- Task statement
Please give the number of lines in the records below where the word "tengkyung" occurs, and nothing else.

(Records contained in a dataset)
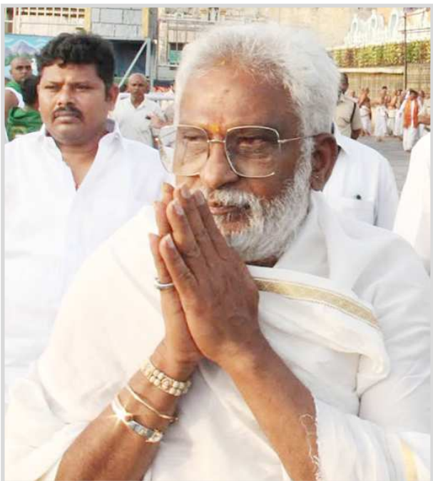
కలెక్టర్, ఆర్డీవో, తహసీల్దార్ కార్యాలయాల ద్వారా నమోదు చేసుకోవచ్చు న్నారు. ఇతర రాష్ట్ర ప్రభుత్వాలు ముందుకు వస్తే టీటీడీ ఆధ్వర్యంలో సామూహిక ఉచిత వివాహాలు జరిపిస్తామని చెప్పారు.

తిరుమల (విజయభాను న్యూస్): రాష్ట్ర వ్యాప్తంగా అన్ని జిల్లా కేంద్రాల్లో ఆగస్టు 7వ తేదీ ఉచిత సామూహిక వివాహాలు పెద్ద ఎత్తున నిర్వహిస్తామని టీటీడీ చైర్మన్ వైవి సుబ్బారెడ్డి తెలియజేశారు. శ్రీవారి ఆలయం ఎదుట శుక్రవారం ఆయన మీడియాతో మాట్లాడారు. దివంగత వైఎస్ రాజేశేఖర్ రెడ్డి ముఖ్యమంత్రిగా ఉండగా, టీటీడీ ఆధ్వర్యంలో కళ్యాణ మన్ను ఉచిత సామూహిక వివాహాలు పెద్ద ఎత్తున నిర్వహించారని చెప్పారు. ఆయన మరణం తరువాత ఈ కార్యక్రమం నిలిపి వేశారనీ, ముఖ్యమంత్రి వైఎస్ జగన్మోహన్ రెడ్డి ఆదేశంతో ఈ కార్యక్రమం పునఃప్రారంభించాలని తమ పాలకమండలి నిర్ణయం తీసుకుందని సుబ్బారెడ్డి వివరించారు. పేదలకు తమ పిల్లల వివాహాలు ఆర్థికంగా భారమై వారు ఇబ్బందులు పడకూడదనే ఉద్దేశంతో శ్రీ వేంకటేశ్వర స్వామి ఆశీస్సులతో ఉచితంగా వివాహాలు జరిపించనున్నామని చెప్పారు. ఆగస్టు 7వ తేదీ చాంద్రమాన శుభకృత్ నామ సంవత్సరం శ్రావణ శుక్ల దశమి ఆదివారం ఉదయం 8.07 గంటల నుంచి 8.17 గంటల మధ్య అనూరాధ నక్షత్రం సింహ లగ్నంలో వివాహాలు జరిపించాలని పండితులు సుముహూర్తం నిర్ణయించారని చైర్మన్ తెలిపారు. అర్హులైన వారందరూ ఆయా జిల్లా
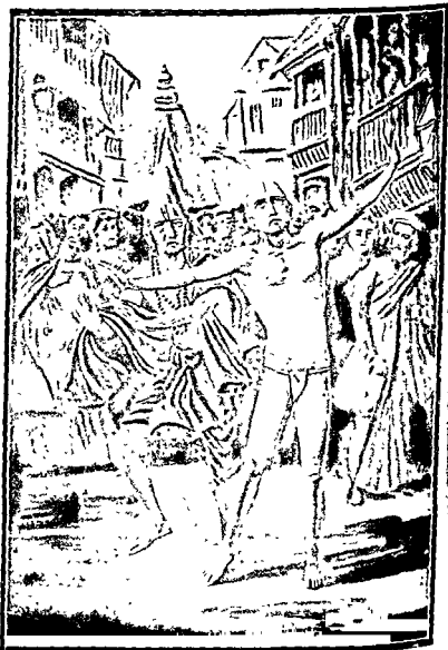
श्रीनितार्ई और हरिदासका नाम-प्रचार
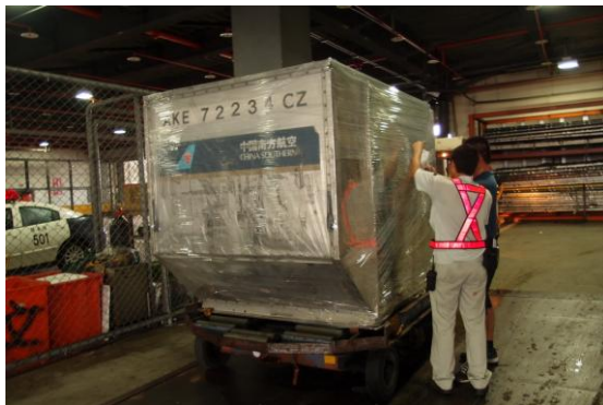
圖 5 裝載借展文物於中國南方航空
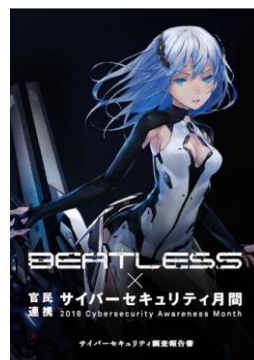
調査報告書イメージ
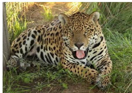
Jaguren "Nahuel" fra projektet i Argentina
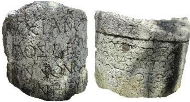
Orijinal. Yazarlara ait (2022)

Böylelikle Klaudiopolis stadyumundaki bedensel agonların yukarıda sözü edilen kategoriler çerçevesinde gerçekleştirildiği şüpheye yer bırakmayacağı şekilde anlaşılmaktadır.
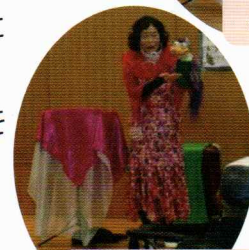
ジョージ君も元気です
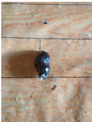
(Gambar 4. 24 ) tengkyung.

Dalam ritual nyemaru , tengkyung yang digunakan yaitu tengkyung yang berwarna hitam dan sudah tidak ada isinya hanya cangkangnya dan hanya satu saja yang digunakan.
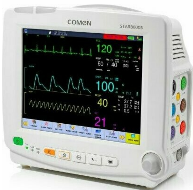
Фото COMEN STAR8000B - Монитор пациента

Отправьте запрос на коммерческое предложение и получите индивидуальные цены и сроки поставки
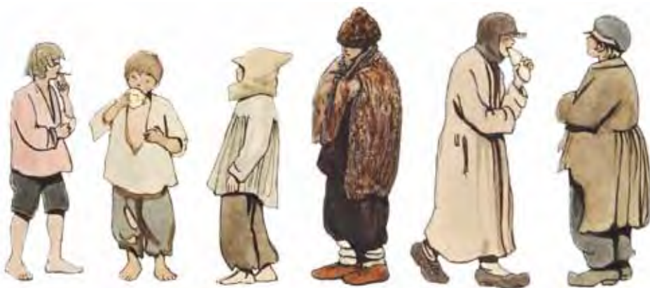
Безпритульні хлопчики з Києва. 1927 р.
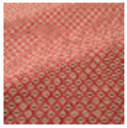
T0741001 Ogee red
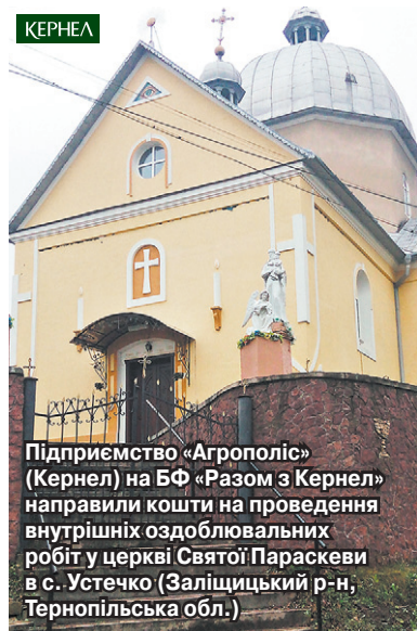
Підприємство «Агрополіс» (Кернел) на БФ «Разом з Кернел» направили кошти на проведення внутрішніх оздоблювальних робіт у церкві Святої Параскеви в с. Устечко (Заліщицький р-н, Тернопільська обл.)
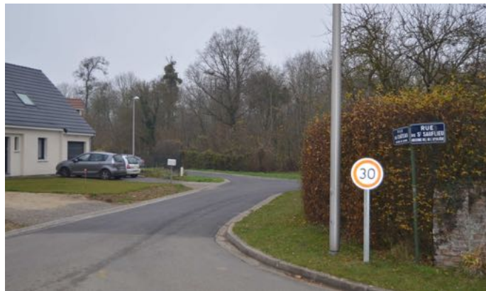
Côté rue de Saint Saulfieu
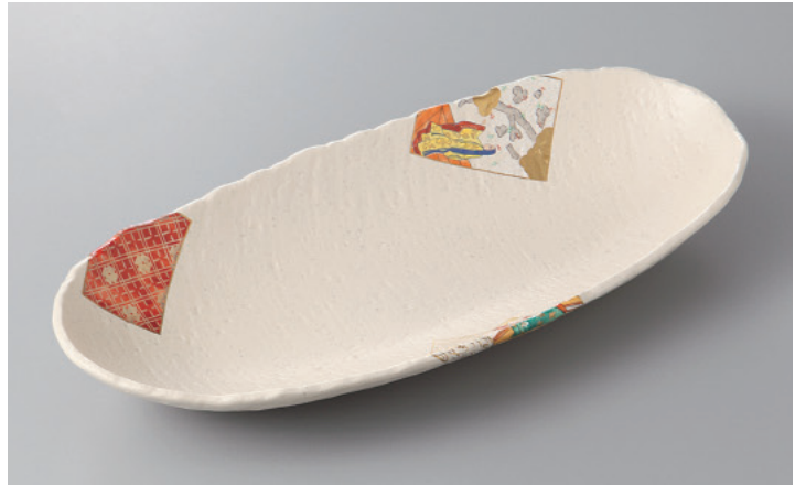
376-6-5H 4,680円 白釉百人一首楕円皿 33.5×15×4.5cm

- Exercise solution
2